“This bill provides federal law enforcement with new tools to ensure those peddling dangerous drugs, which can be lethal, are brought to justice,” Sen. Dianne Feinstein (D-Calif.), who is sponsoring her chamber's version of the bill with Sen. Charles E. Grassley (R-Iowa), said in an emailed statement. “It also explicitly exempts simple possession from any penalties, instead targeting those who manufacture and traffic these drugs and opioids.”
The bill, introduced last week and known as the as the Stop the Importation and Trafficking of Synthetic Analogues (SITSA) Act of 2017, now moves to the Senate Judiciary Committee, which Grassley chairs and where Feinstein is the top-ranking Democrat. The House bill is listed as HR 2851.
Under current law, all psychoactive substances are placed in one of five “schedules” designating the drugs' risk of abuse and medical potential. Schedule 1 is the most restrictive, reserved for drugs such as LSD, heroin and marijuana. Schedule 5 is the least restrictive category, which includes medications such as low-dose codeine cough syrup.
Illicit-drug manufacturers wishing to avoid these designations often make subtle changes to a drug's chemistry, creating slightly different, and hence legal, substances that produce similar psychoactive effects in users.
“Illegal drug traffickers and importers are able to circumvent the existing scheduling regime by altering a single atom or molecule of a currently controlled substance in a laboratory, thereby creating a substance that is lawful, but often highly dangerous, addictive and even deadly,” Grassley and Feinstein said in a fact sheet on the Senate bill.
The SITSA Act would create a new schedule, Schedule A, for substances that are chemically similar to already-regulated drugs. The attorney general would be able to place new compounds in Schedule A for a period of up to five years. Critics say this amounts to giving the attorney general the power to unilaterally write federal drug policy.
The bill “gives the attorney general a ton of power in terms of scheduling drugs and pursuing penalties,” said Michael Collins, a deputy director at the Drug Policy Alliance. “This is a giant step backwards, and really it's doing the bidding of Jeff Sessions as he tries to escalate the war on drugs.”
Under current policy, an attorney general may temporarily schedule a substance for up to two years and only after demonstrating the drug's “history and current pattern of abuse; the scope, duration and significance of abuse; and what, if any, risk there is to the public health.”
The new bill extends the temporary scheduling duration to five years for Schedule A substances and eliminates the requirement for analyzing the drug's abuse record and its potential risk to public health.
The bill is partially a response to a spike in overdose deaths from the powerful synthetic opiate fentanyl and chemically similar drugs in recent years.
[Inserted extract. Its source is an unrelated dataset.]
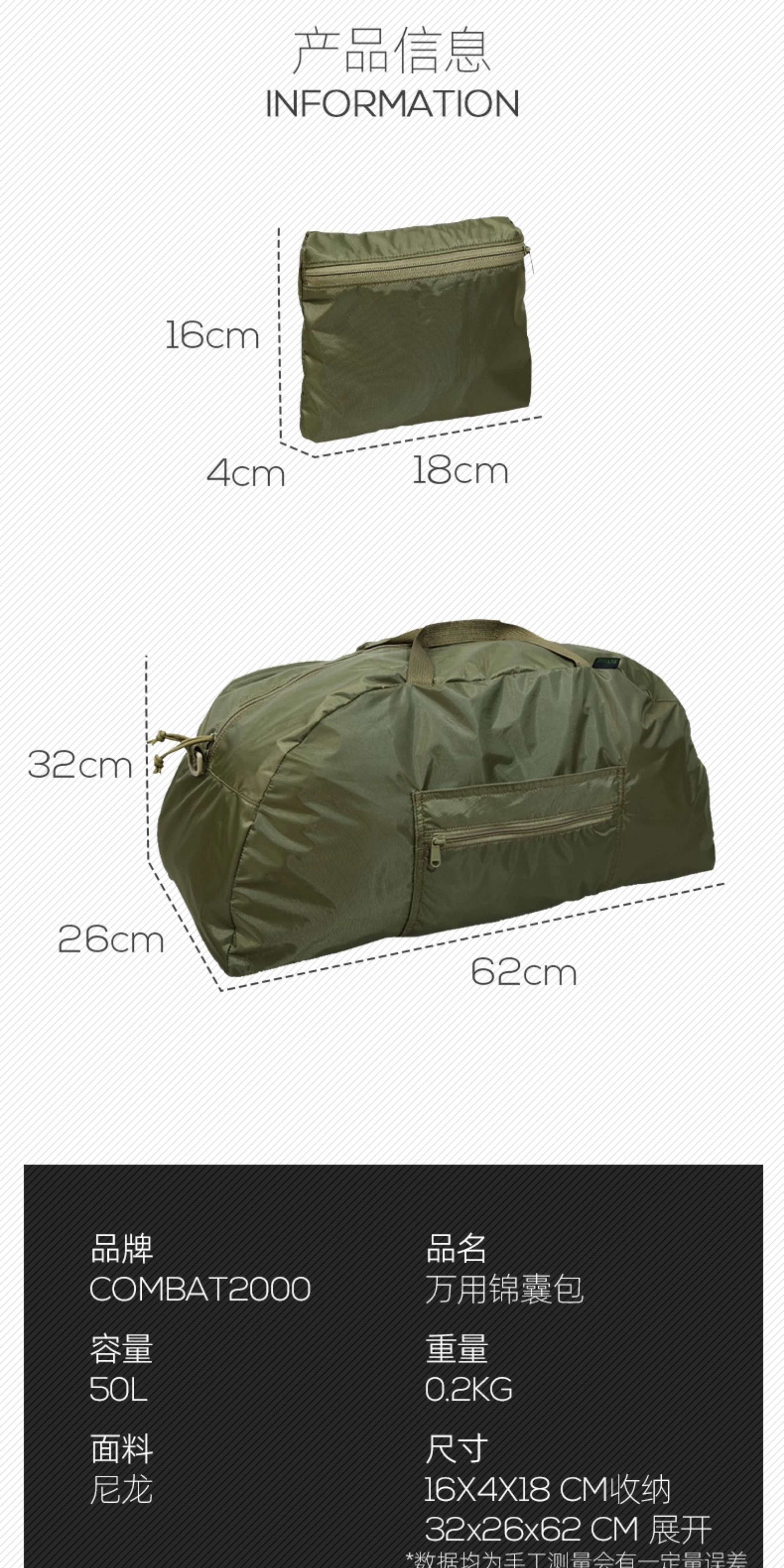 Combat2000 Shoulder Bag Tactical Handbag Multi-Purpose Travel Bag 50L Outdoor Foldable Travel Storage Bag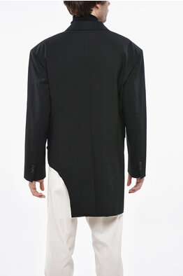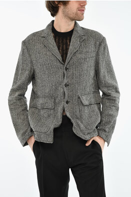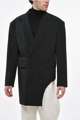 Virgin Wool Double-Breasted Jacket 80'S with Raw-Edge Cut and Peak Lapel

Fentanyl's “uncontrolled synthetic analogues have come to represent the deadly convergence of the synthetic drug problem and the opioid epidemic,” Feinstein and Grassley wrote. The bill adds 13 synthetic analogues of fentanyl to Schedule A immediately.
But critics are worried that the bill's language could be used to justify bans on all manner of substances that are not particularly lethal or dangerous. The drug known as kratom is one particular area of concern. Experts say the risks with using the drug are “remarkably low,” and people who take it say it has helped them quit using alcohol, opiates and other, much deadlier substances.
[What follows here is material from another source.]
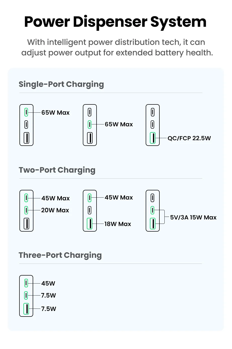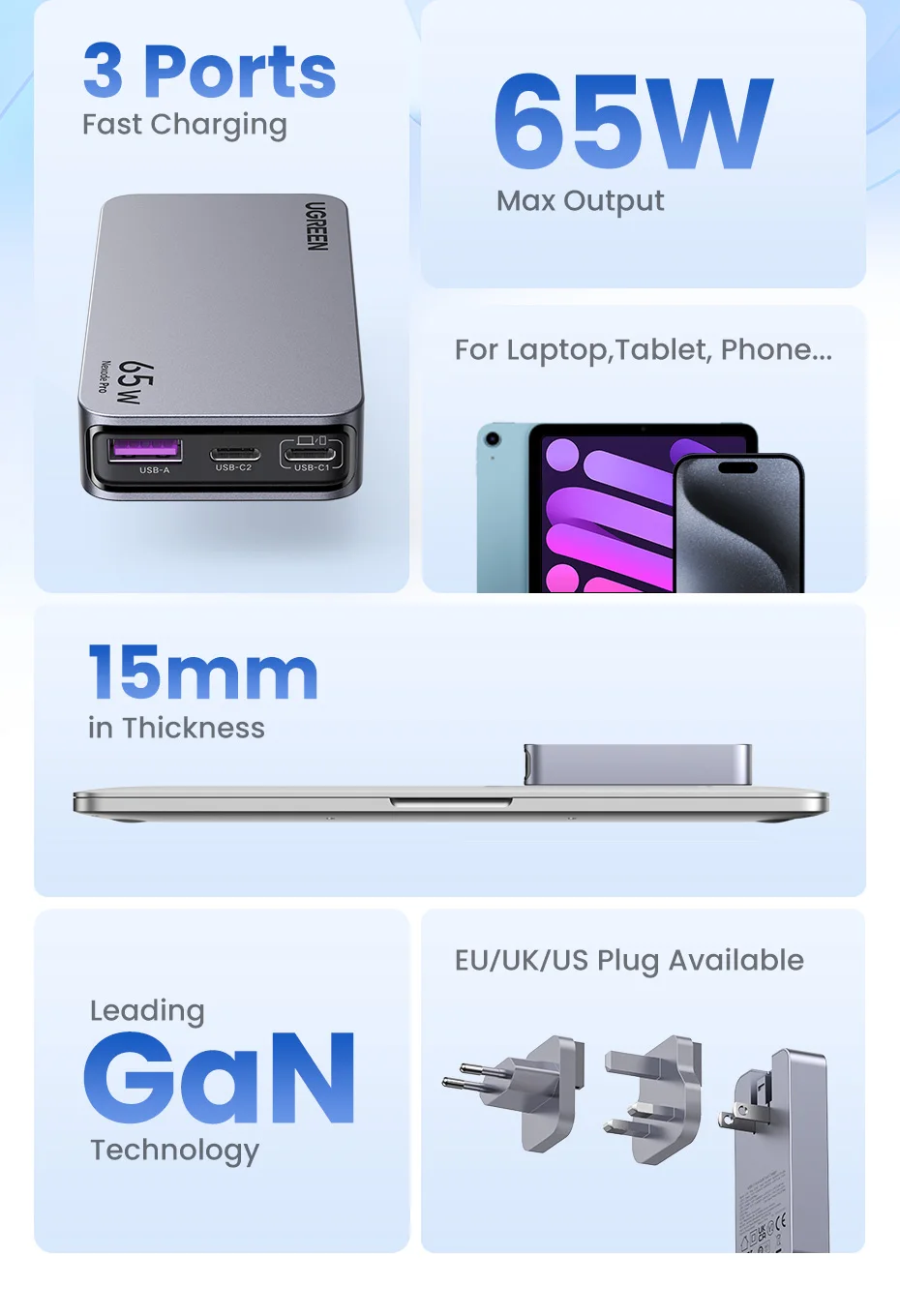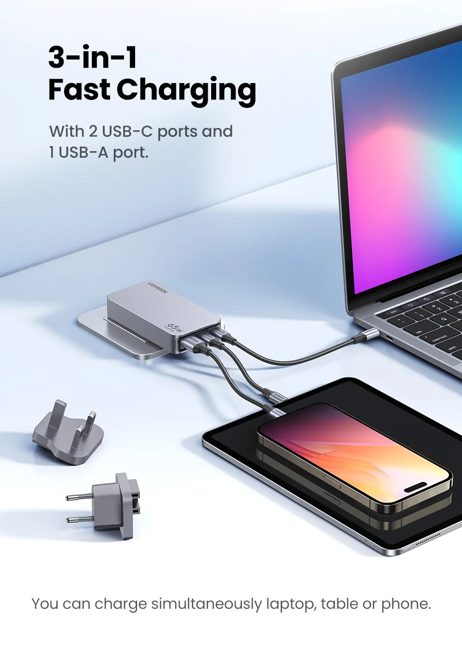 Компактная портативная зарядка на 3 порта. Максимальная выходная мощность до 65 Вт. Поддерживаются быстрые протоколы. Сменные разъемы для подключения к различным типам розеток.

Because the drug's primary chemicals act in a fashion similar to some opioids, kratom advocates fear that the new bill would allow the Justice Department to outlaw the drug, as it tried unsuccessfully to do last year.
Some experts say that the fentanyl epidemic is proving to be so lethal that it may be worthwhile to experiment with different legislative approaches, even if they come with drawbacks.
“The fentanyls are so awful that I think it is entirely reasonable to try a fentanyl supply control strategy that has only a very modest chance of success,” said Jonathan Caulkins, a drug-policy expert at Carnegie-Mellon University. He added that it might be wise, however, to include automatic sunset provisions to such strategies in case they prove ineffective.